Copy out the full listing below as it stands, with its pictures left behind.

---------- Supplied data ----------

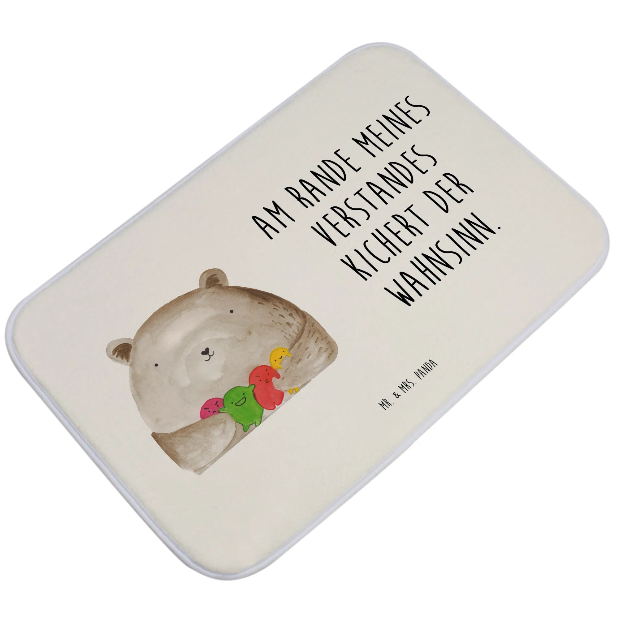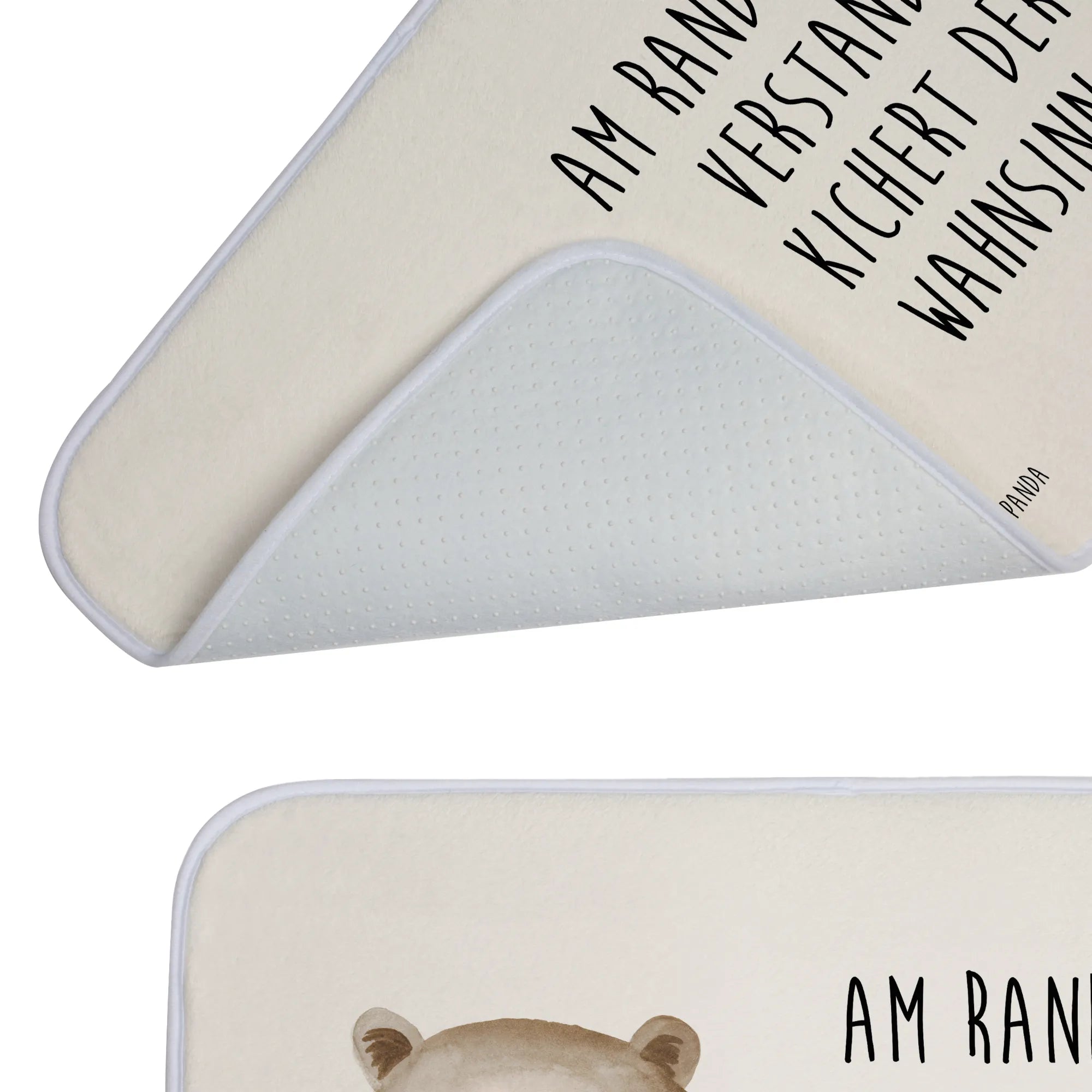 Der Badvorleger 'Bär Gefühl' von Mr. & Mrs. Panda ist das perfekte Accessoire für dein Badezimmer. Mit seinem süßen bärigen Motiv und dem einprägsamen Spruch 'Am Rande meines Verstandes kichert der Wahnsinn' bringt er Freude und einen Hauch von Verrücktheit in jeden Raum.
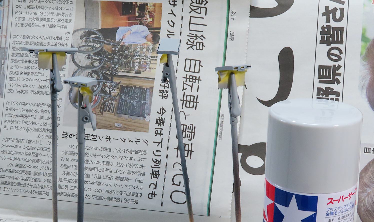 製品はパンタグラフまわりのグレー塗装が省略されていますのでココを塗装します。
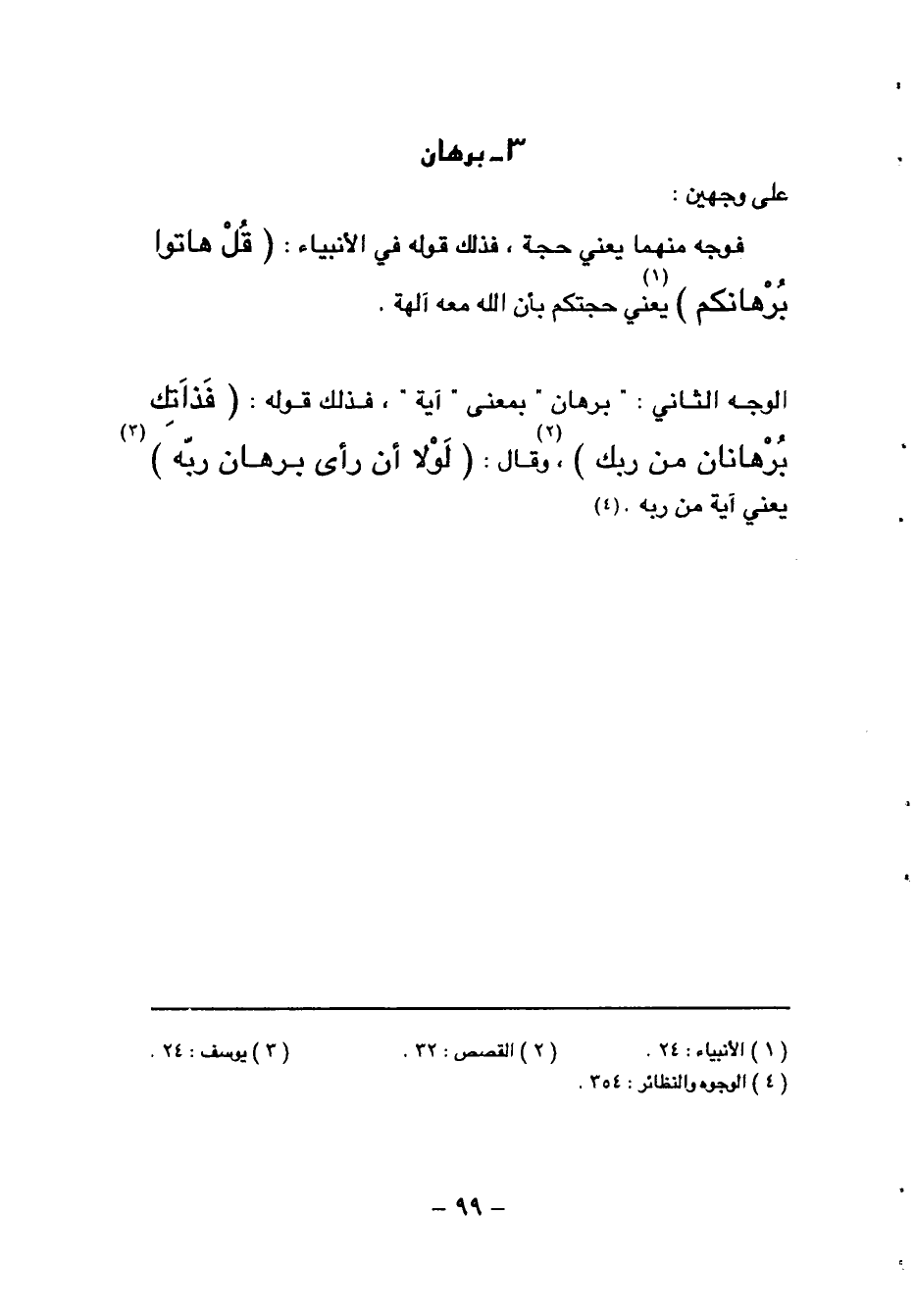 الوجه الثاني: «برهان» بمعنى «آية»، فذلك قوله: فَذانِكَ بُرْهانانِ مِنْ رَبِّكَ، (¬2) وقال: لَوْلا أَنْ رَأى بُرْهانَ رَبِّهِ (¬3) يعني آية من ربه. (¬4)
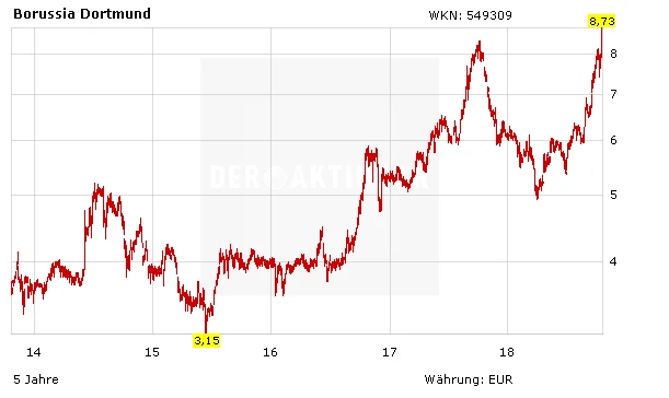 Die BVB-Aktie kletterte am Mittwoch in einem schwachen Marktumfeld auf 8,70 Euro. Damit hat das Papier das alte Hoch aus dem Monat Oktober 2017 bei 8,27 Euro genommen.
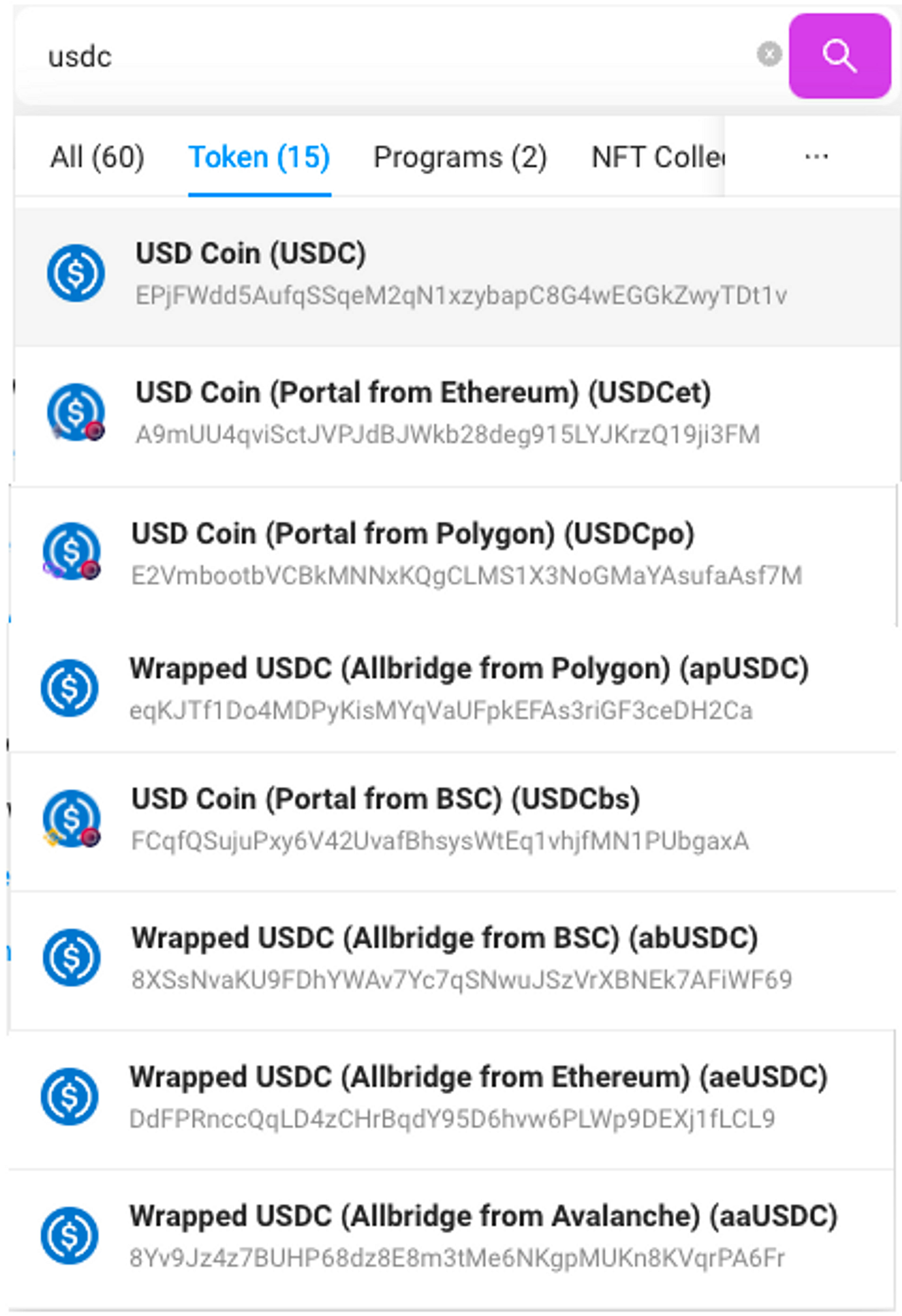 The zoo of bridged USDC on Solana. This is not the complete list.
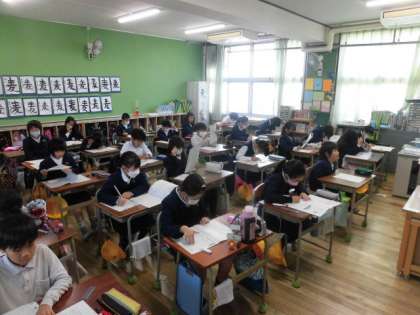 6日(水)、調査2日目です。今日は算数と理科、5,6年生はその後、英語の問題に取り組みました。英語は放送問題もありました。今日もしっかり頑張っていました。

----------

#### Reply to the exercise:
 Der Badvorleger 'Bär Gefühl' von Mr. & Mrs. Panda ist das perfekte Accessoire für dein Badezimmer. Mit seinem süßen bärigen Motiv und dem einprägsamen Spruch 'Am Rande meines Verstandes kichert der Wahnsinn' bringt er Freude und einen Hauch von Verrücktheit in jeden Raum.
 製品はパンタグラフまわりのグレー塗装が省略されていますのでココを塗装します。
 الوجه الثاني: «برهان» بمعنى «آية»، فذلك قوله: فَذانِكَ بُرْهانانِ مِنْ رَبِّكَ، (¬2) وقال: لَوْلا أَنْ رَأى بُرْهانَ رَبِّهِ (¬3) يعني آية من ربه. (¬4)
 Die BVB-Aktie kletterte am Mittwoch in einem schwachen Marktumfeld auf 8,70 Euro. Damit hat das Papier das alte Hoch aus dem Monat Oktober 2017 bei 8,27 Euro genommen.
 The zoo of bridged USDC on Solana. This is not the complete list.
 6日(水)、調査2日目です。今日は算数と理科、5,6年生はその後、英語の問題に取り組みました。英語は放送問題もありました。今日もしっかり頑張っていました。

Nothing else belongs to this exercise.